Furthermore, current literature often focuses on biases in isolation, in domains such as gender (Zhou et al, 2024), culture (Zheng and Stewart, 2024), race (Serouis and Sèdes, 2024), and social (psychology) (Raj et al, 2024). Whilst these narrow, domain-specific focuses may support robust academic investigation, these ‘biases’ do not exist in societies in isolation, and these isolated approaches do not allow an appreciation of the intersectionalities involved (Crenshaw, 2013). The work of Wan and Chang highlights intersectional biases in LLMs (2024:6) which are unlikely to be resolved by these isolated-bias methodologies. Addressing intersectionality as part of the approach under investigation here, despite the potential academic complexities involved, is an important step in investigating how an approach can be developed which takes account of, rather than neutralises, the interaction between biases and how these are experienced.

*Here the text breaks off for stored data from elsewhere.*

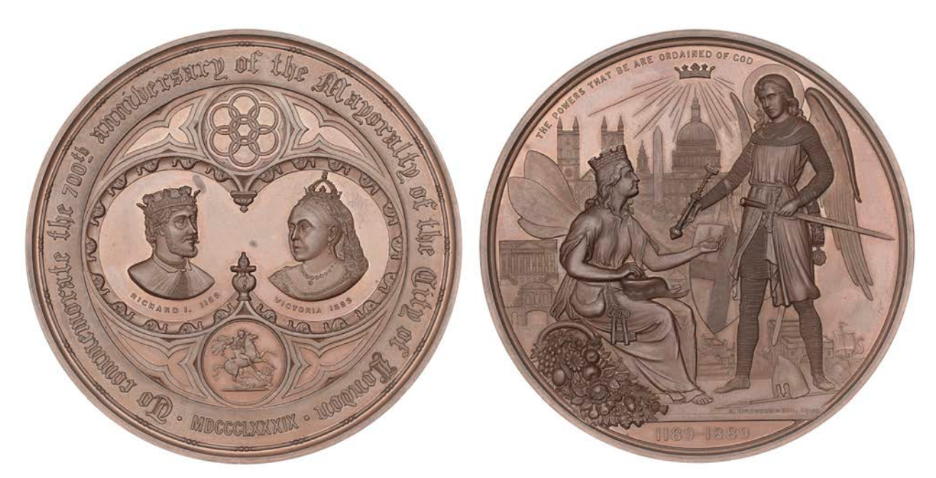
416 700th Anniversary of the Mayoralty of the City of London , 1889, a bronze medal by A. Kirkwood & Sons for the Corporation of the City of London, busts of Richard I and Victoria vis-à-vis in cartouche, rev. St Michael presenting sceptre to kneeling figure of Londinium, St Paul's behind, 77mm (BHM 3377; E 1752). Virtually as struck; in fitted case of issue £500-£700
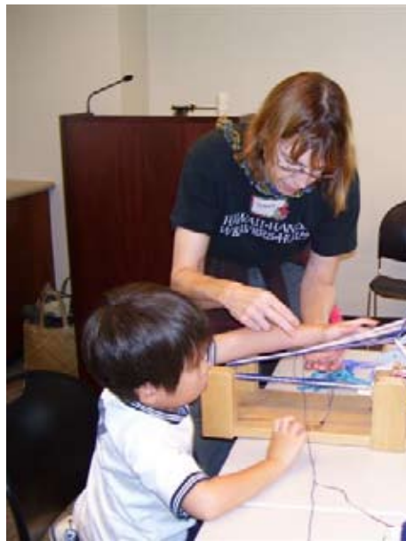
Learn weaving with the Hawaii Handweavers Hui
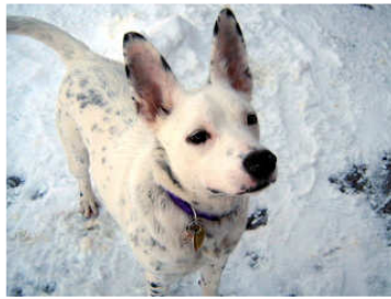
CJ Littleton, CO
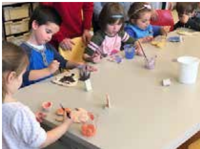
Little Artists Provincetown Collaboration with PAAM
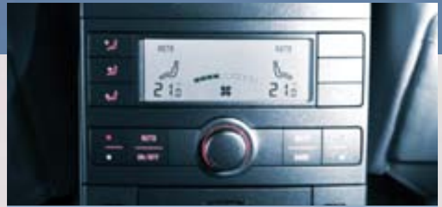
Display-supported setting for seat heating
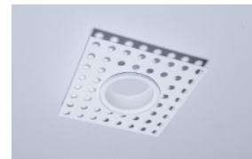
Installation kit for overlap flange Springs attached to fixture
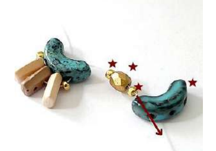
2) Place 1 R15, 1 F3, 1 R15 and 1 Arcos.
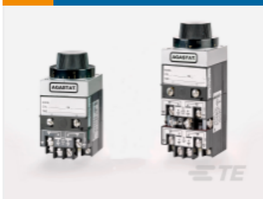
TE Part # 1423157-5 7012AC=RLY,STD,ON,2P,120VAC,15
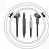
Lenovo 500 Extra Bass In-ear Headphone
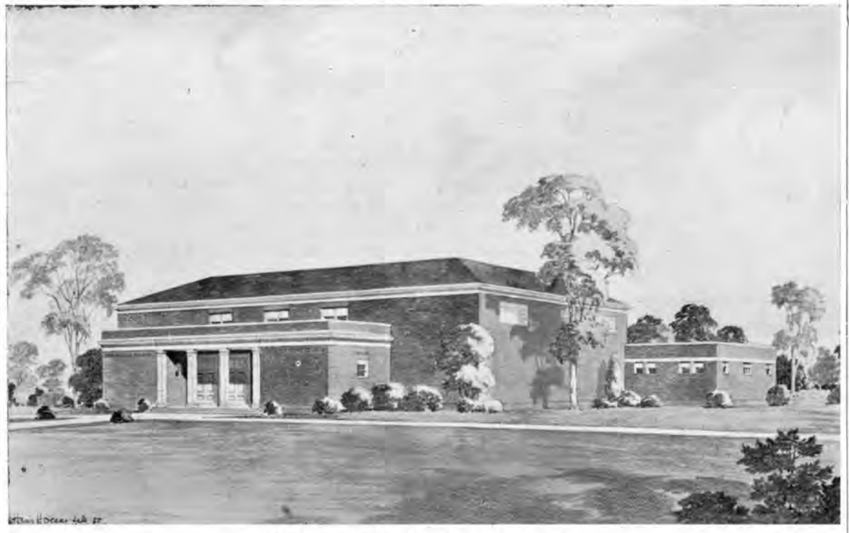
Architect's Drawing of New Gymnasium

The purposes of the Student Conference are to discuss new ideas in the colleges whereby other colleges may profit by the curriculum changes and to discuss other subjects that may affect modern education.
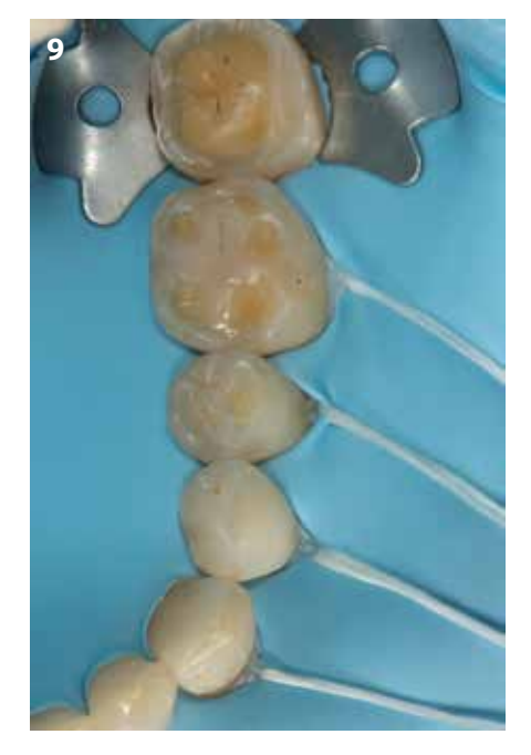
Fig. 9: The teeth were isolated with rubber dam prior to the adhesive procedure.

Prior to the polishing, the sprue and surface irregularities due to composite overflow were removed with abrasive disks, fine diamond burs, interdental strips, and stones (Fig. 17). The occlusion was carefully checked, and premature
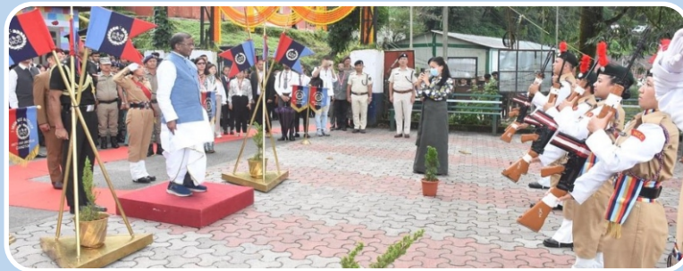
FIG. 2. GUARD OF HONOR PRESENTED TO HIS EXCELLENCY GOVERNOR OF SIKKIM SEPTEMBER 2023.
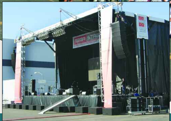
The ET Live stage for d&b audiotechnik and Digidesign.
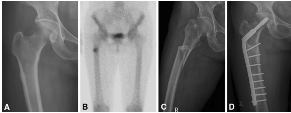
Fig. 1A–D Patient 4 was a 67-year-old woman who had pain in her right thigh. (A) Her radiograph shows a transverse fracture line and thickening of the lateral cortex at the subtrochanteric area. (B) Her bone scan shows hot uptake at the subtrochanteric area. (C) She

experienced a slip after 1 month of followup. Her radiograph shows a completely displaced fracture. She underwent internal fixation using a compression hip screw. (D) Twelve months postoperatively, her radiograph shows complete union of the fracture.
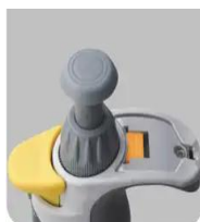
Easy calibration institutions
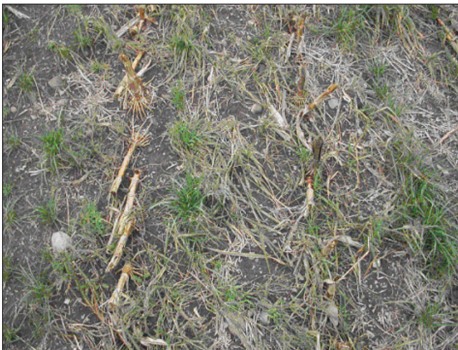
Cover crops can help reduce risk of nitrate leaching, improve soil fertility, increase soil organic matter, and minimize surface runoff and erosion.

The choice of source is influenced by the need for nutrient elements that accompany the main nutrient. Common sources of N include anhydrous ammonia, urea, urea-ammonium nitrate, ammonium sulfate, ammonium nitrate, and potassium nitrate. Urea is prone to volatile losses of ammonia when surface-applied, especially when soils are
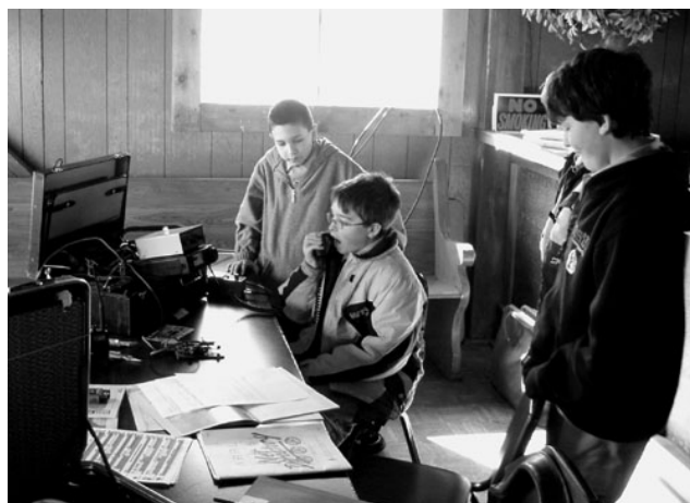
Boy Scouts at the merit badge seminar had a great time getting on the air with this portable HF station at the Jackson Town Hall.

Talk about a well-run operation. The BSA Radio Merit Badge day program was a really well organized and executed project.
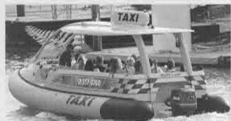
Yamaha powered Water Taxi at the America's Cup venue
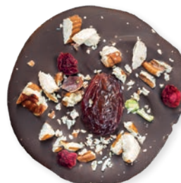
CONFECTIONERY & CHOCOLATE Whole & sliced dried fruits, concentrates, juices, seeds & fruit powders and purees
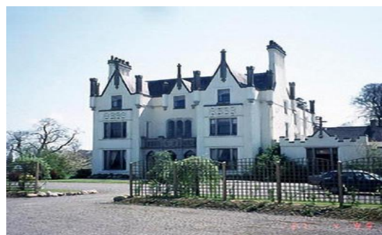
Ballykealey House

Ballon is an historic settlement, having originally formed part of the (former) Ballykealy estate. The original 300-acre estate of Ballykealy was the seat of the Lecky Family from 1649, when Cromwell granted lands at Ballykealy along with lands at Kilnock, Carlow. The estate remained in the Lecky Family until 1953 and was then sold to the Land Commission.
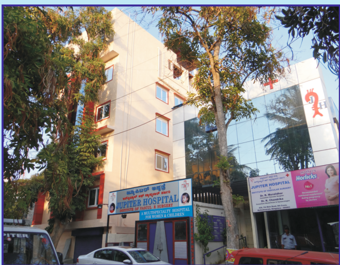
# 28, 7th Main, 9th Cross, Malleswaram, Bangalore-560 003. www.jupiterhospitalbangalore.com
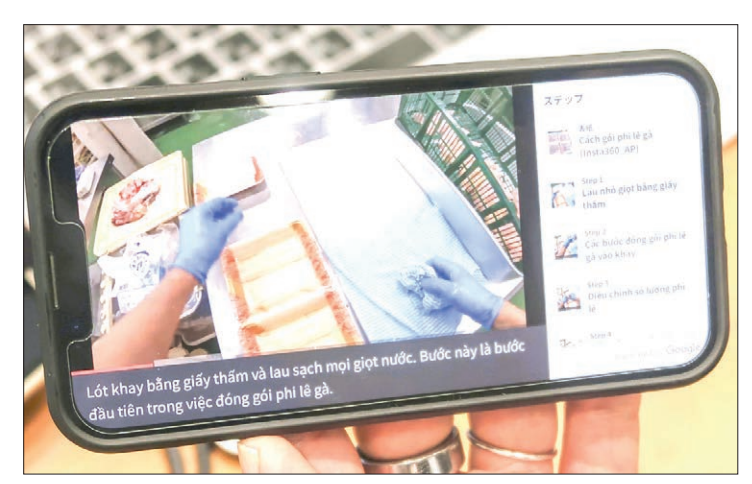
Studist Corp, a Tokyo-based software provider, has launched "Teachme AI," a new AI-driven software designed to simplify the creation of instructional videos for foreign workers in Japan.

This initiative aims to alleviate the challenges faced by companies amidst Japan's growing labour shortages and aging population.
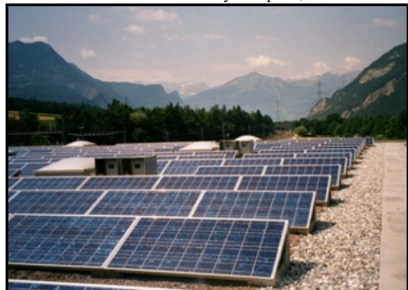
fig 1 Fire Station Houten, the Netherlands – PV integrated into the overall sustainability concept of the building

Project sizes are increasing. Customers are shifting from the Innovators to the Early Adopters, a new market
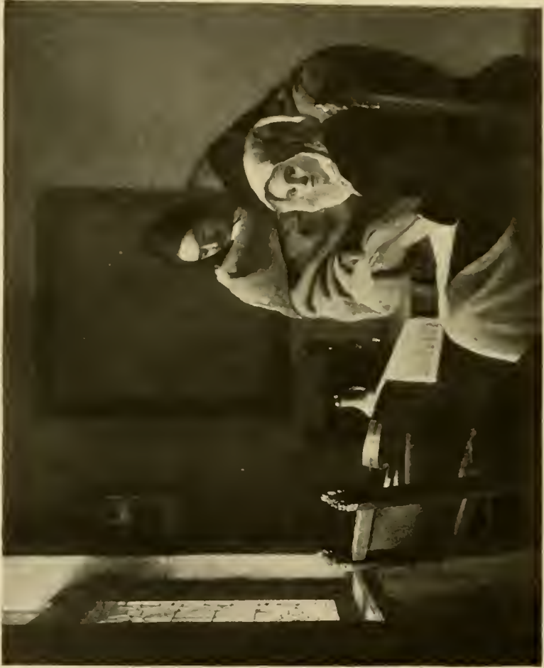
THE MUSIC LESSON BY JOHANNES VERMEER
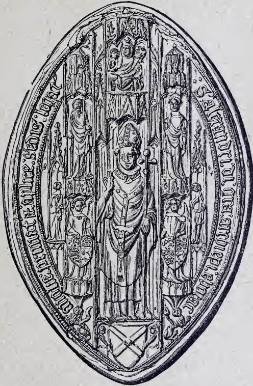
FIG. 6.—SEAL OF ALEXANDER NEVILL, ARCHBISHOP OF YORK, 1374–88 (?).

a while additions were made to the design with the purpose of filling up the blank space on either side of the figure. A gem was sometimes inserted here,
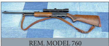
REM. MODEL 760
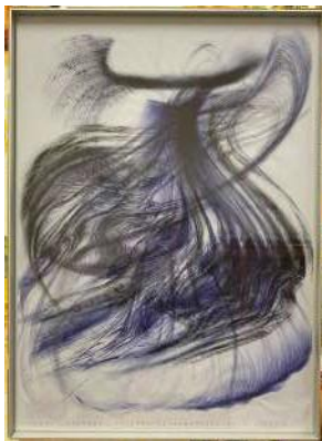
Maria VMier, In Praise of the Dancing Bodies [blue-black], 2021, ink on newspaper, 53,4x 38,5 cm
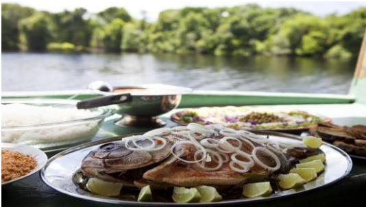
Tambaqui assado na brasa
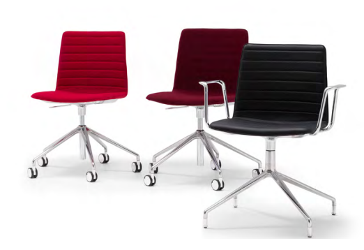
Flex High- Back
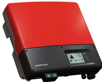
SMA Sunny Boy inverter 5 years warranty
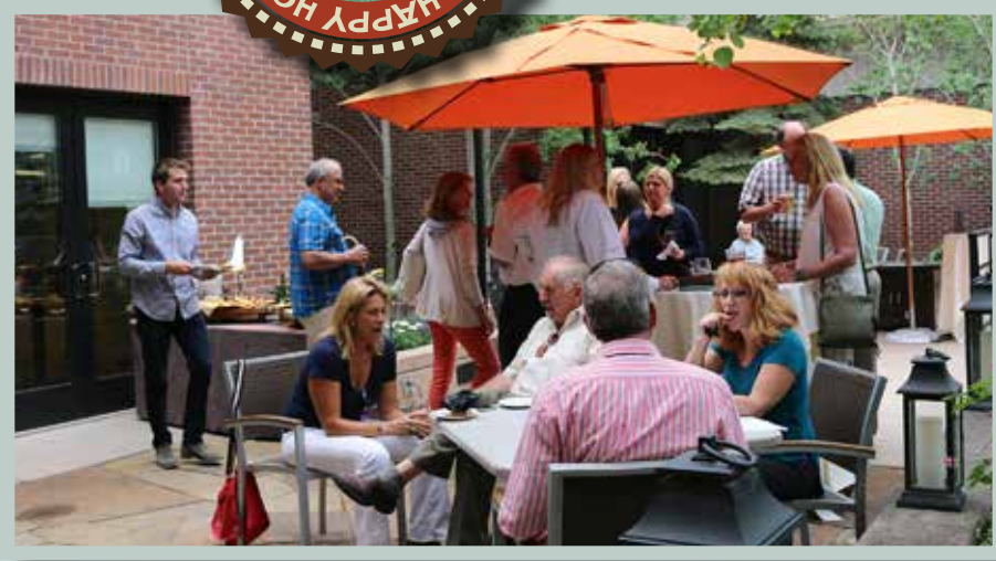
ABOR Members enjoy one of the first summer nights @ happy hour.
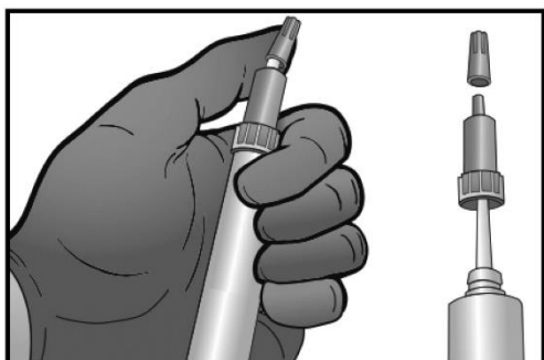
Step 1: Removal of the breakable cap
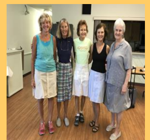
March's project: From shirt to skirt

You are welcome to join this class even if you have no talent. There are always members of the group who are willing to help you.

Surles and Noteboom make the point that ‘fairness’ in machine learning is usually conceptualised in two separate ways; statistical fairness (ensuring equal outcomes across different groups), and individual fairness (ensuring that similar individuals receive similar treatment) (2024:492). Traditionally statistical fairness is more commonly applied, perhaps due to the relative ease with which it can be measured. This statistically based approach is more aligned to bias neutralisation, whereas the complexities involved in biases may be better represented using an ‘individual fairness’ approach.
Retrieval-Augmented Generation (RAG) is a technique designed to enhance the accuracy of LLMs, by allowing them to connect to external sources of information in addition to their existing training datasets. RAG is intended to provide grounding for responses generated, allowing the LLM to ‘sense check’ any response before it is provided, and access up-to-date sources of information (Martineau, 2024). Deploying a RAG-based LLM has benefits; it reduces the need for frequent re-training of LLMs and therefore reduces the environmental, social, and resource implications of this retraining, and allows the LLM to access up-to-date information creating a more accurate experience for the end user (ibid). Amugongo et al urge caution with RAG LLMs, with concerns around privacy, bias, hallucination, and data security still present (2024:20). Wu et al (2024) argue that the complexities involved in RAG models, due to their complex, multi-component architecture, has meant that focus has been on developing efficiency within RAG models to limit computing resource utilisation, with little to no focus on the ‘fairness’ of these models (ibid:2). Wu et al propose prompt adjustments, increasing access to documents available to the LLM through the retrieval process, and prioritization of documentation from ‘relevant groups’ to achieve better balance and fairness (ibid:9). Despite these valid concerns, a RAG approach appears to be a promising methodology to explore within the scope of this project. It provides a framework for data grounding7 and selection in the response preparation process. As part of this project, we will explore how this data selection process can be constructed to support the broader bias mitigation strategy.
The literature describes several frameworks that have been designed to measure levels of biases present either to assess biases in LLMs, the responses returned (pre- and post-mitigation), or both. Feldman et al (2015) introduced the concept of ‘disparate impact’, an algorithmic methodology designed to assess unintended discrimination. The authors used this American legal doctrine to determine unintended discrimination, to test for disparate impact and to develop an approach to masking bias whilst preserving relevant information in the data. Wan and Chang describe the Language Agency Bias Evaluation (LABE, 2024:3), a benchmarking framework designed to measure social biases related to language agency, or how individuals or groups are described in texts based on their levels of control, influence, and proactiveness. The LABE framework leverages template-based prompts, an agency classifier, and bias
7 Data grounding is a process of linking AI-generated responses to factual, authoritative sources, ensuring outputs are accurate, reliable, and grounded in real-world knowledge, and avoiding ‘hallucinations’ or untrue assertions.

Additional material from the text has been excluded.